[Given records — start]
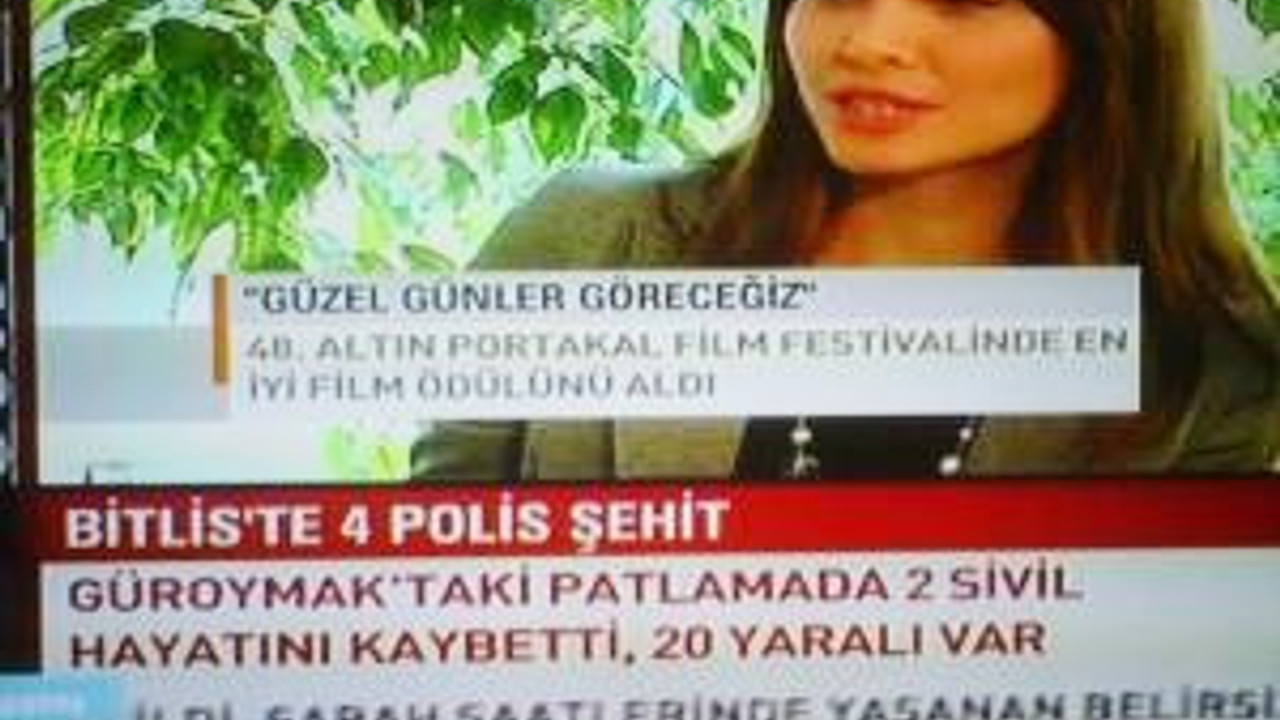 Bitlis’in Güroymak ilçesindeki hain saldırıyı haber kanalları son dakika spotlarıyla duyurdu... Ntv haber bültenindeydi... 24’te ekonomi programı vardı... Habertürk’te ise yaşam... Aynı anda CNNTürk’te ise kültür sanat programı, ekranda da Nefise Karatay yeralıyordu... Konu Altın Portakal’dı... En iyi film ödülünü alan "GÜZEL GÜNLER GÖRECEĞİZ" filmi konu olarak işleniyordu...
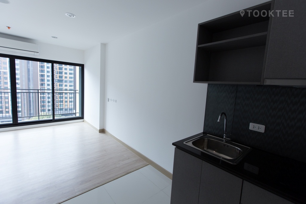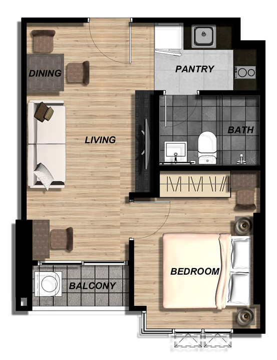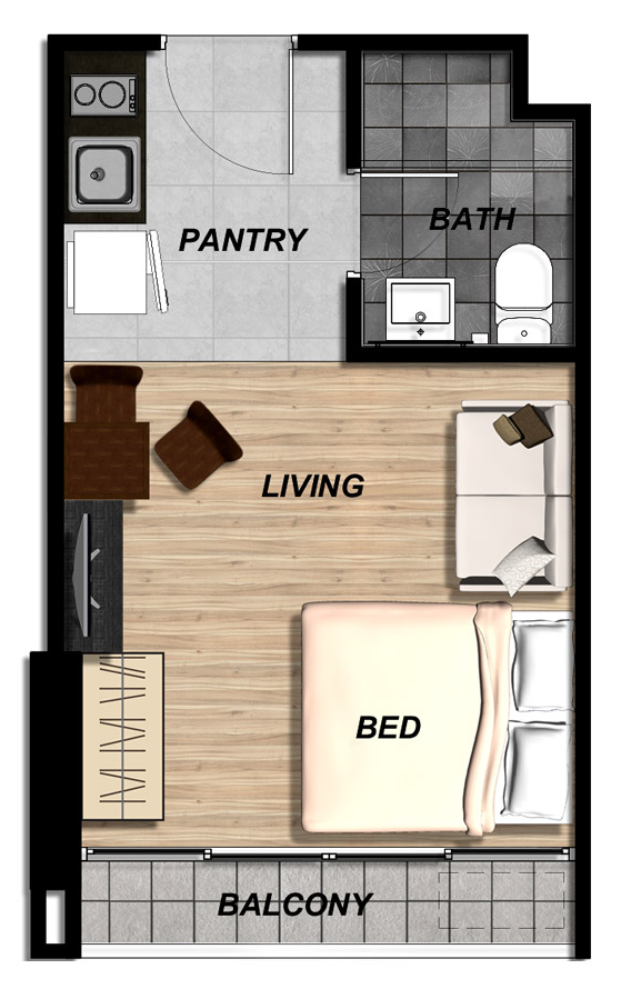 แปลนห้องสตูดิโอ จะเป็นแบบหน้าแคบตัวห้องยาวเข้าไปเป็นสี่เหลี่ยมผืนผ้า เมื่อเข้าห้องมาจะแยกเป็นมุมครัว (Pantry) และห้องน้ำ ถัดมาจะเป็นพื้นที่นั่งเล่นที่เชื่อมต่อกับพื้นที่ห้องนอนโดยที่ไม่มีผนังกั้นแยกพื้นที่ใช้สอย ซึ่งจากจุดที่วางเตียงนอนสามารถมองเห็นวิว จากทางระเบียงได้เลย ระเบียงยาว สามารถวางเครื่องซักผ้าขนาดความจุประมาณ 10 กิโลกรัม ซึ่งห้องรูปแบบนี้เหมาะกับการอยู่ 1-2 คน แบบที่ต้องการเนื้อที่ใช้สอยมากกว่าการกั้นพื้นที่ให้เป็นสัดส่วน รูปแบบห้องค่อนข้างโปร่ง เนื่องจากไม่มีการกั้นห้อง
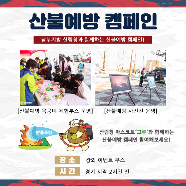홈경기 장외 이벤트부스에서 산불예방 홍보 캠페인을 실시한다. 남부지방산림청은 목공예 체험 부스 운영과 함께 산불예방 캠페인 사진전을 진행한다. 산림청 마스코트 ‘그루’도 함께 장외 이벤트 구역에서 팬들을 맞을 예정이다. 하프타임에는 산불예방 퀴즈 이벤트를 진행하며 경기장 내에는 산불예방 홍보 현수막을 설치한다.
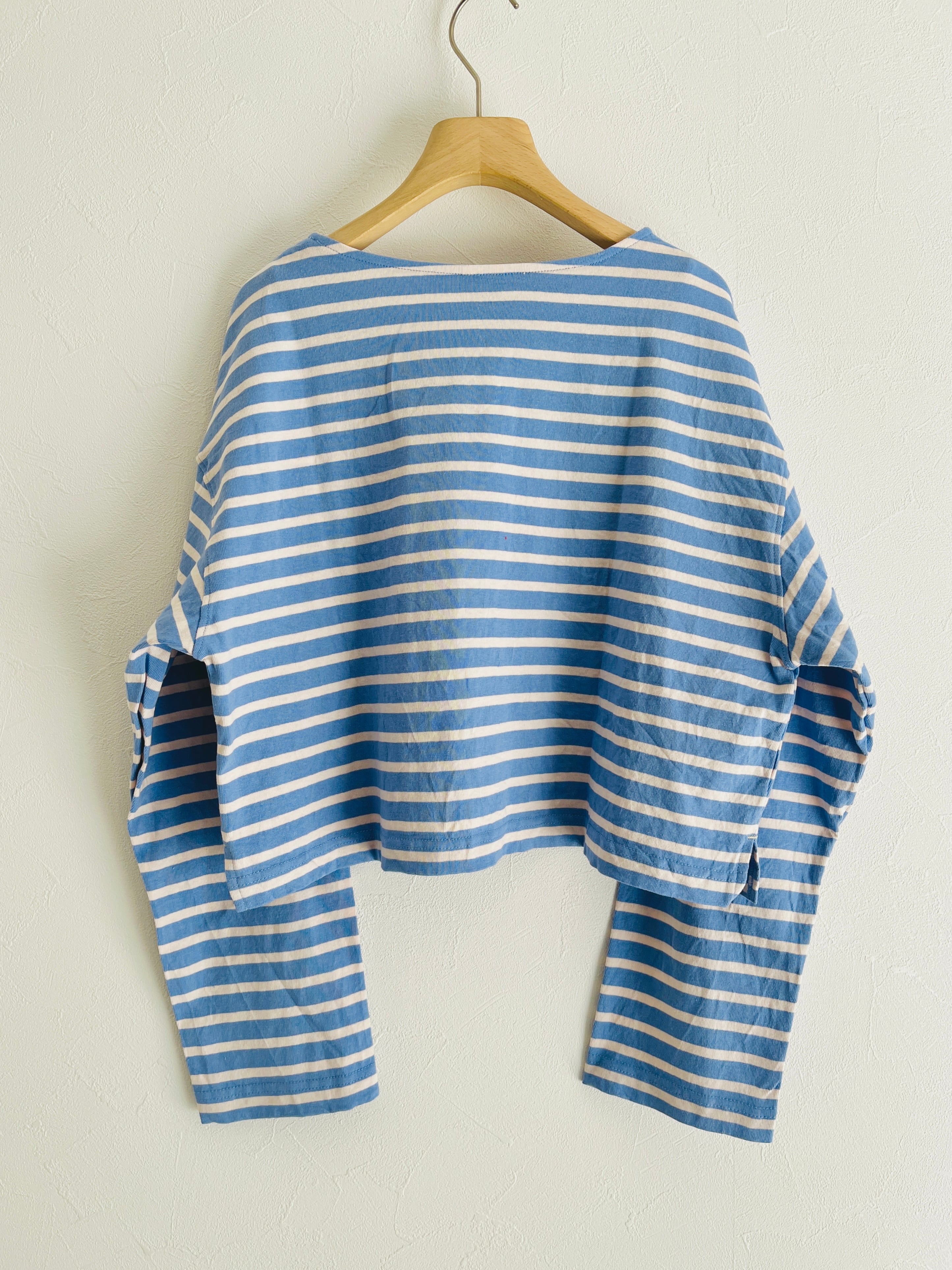 いつものボーダーも、丈を少し短くするだけでなんだか新鮮なコーデに。
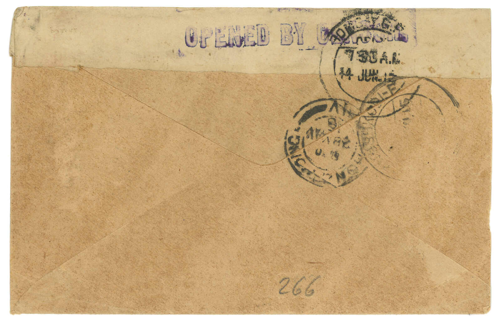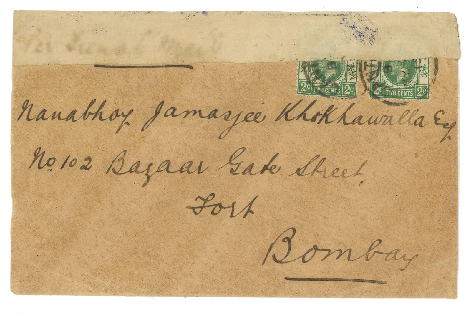 1875 cover image1917 Canton (May) to India. WWI censor cover, f.w. Hong Kong KGV 2c x2, tied by Canton BPO cds. Transit Hong Kong (28 May). Censored and resealed Arrived India (14 Jun).
[Given records — finish]
▶ _The problem_
Your answer must be the entries written out word for word, without their pictures.

▶ _Output below_
 Bitlis’in Güroymak ilçesindeki hain saldırıyı haber kanalları son dakika spotlarıyla duyurdu... Ntv haber bültenindeydi... 24’te ekonomi programı vardı... Habertürk’te ise yaşam... Aynı anda CNNTürk’te ise kültür sanat programı, ekranda da Nefise Karatay yeralıyordu... Konu Altın Portakal’dı... En iyi film ödülünü alan "GÜZEL GÜNLER GÖRECEĞİZ" filmi konu olarak işleniyordu...
 แปลนห้องสตูดิโอ จะเป็นแบบหน้าแคบตัวห้องยาวเข้าไปเป็นสี่เหลี่ยมผืนผ้า เมื่อเข้าห้องมาจะแยกเป็นมุมครัว (Pantry) และห้องน้ำ ถัดมาจะเป็นพื้นที่นั่งเล่นที่เชื่อมต่อกับพื้นที่ห้องนอนโดยที่ไม่มีผนังกั้นแยกพื้นที่ใช้สอย ซึ่งจากจุดที่วางเตียงนอนสามารถมองเห็นวิว จากทางระเบียงได้เลย ระเบียงยาว สามารถวางเครื่องซักผ้าขนาดความจุประมาณ 10 กิโลกรัม ซึ่งห้องรูปแบบนี้เหมาะกับการอยู่ 1-2 คน แบบที่ต้องการเนื้อที่ใช้สอยมากกว่าการกั้นพื้นที่ให้เป็นสัดส่วน รูปแบบห้องค่อนข้างโปร่ง เนื่องจากไม่มีการกั้นห้อง
홈경기 장외 이벤트부스에서 산불예방 홍보 캠페인을 실시한다. 남부지방산림청은 목공예 체험 부스 운영과 함께 산불예방 캠페인 사진전을 진행한다. 산림청 마스코트 ‘그루’도 함께 장외 이벤트 구역에서 팬들을 맞을 예정이다. 하프타임에는 산불예방 퀴즈 이벤트를 진행하며 경기장 내에는 산불예방 홍보 현수막을 설치한다.
 いつものボーダーも、丈を少し短くするだけでなんだか新鮮なコーデに。
 1875 cover image1917 Canton (May) to India. WWI censor cover, f.w. Hong Kong KGV 2c x2, tied by Canton BPO cds. Transit Hong Kong (28 May). Censored and resealed Arrived India (14 Jun).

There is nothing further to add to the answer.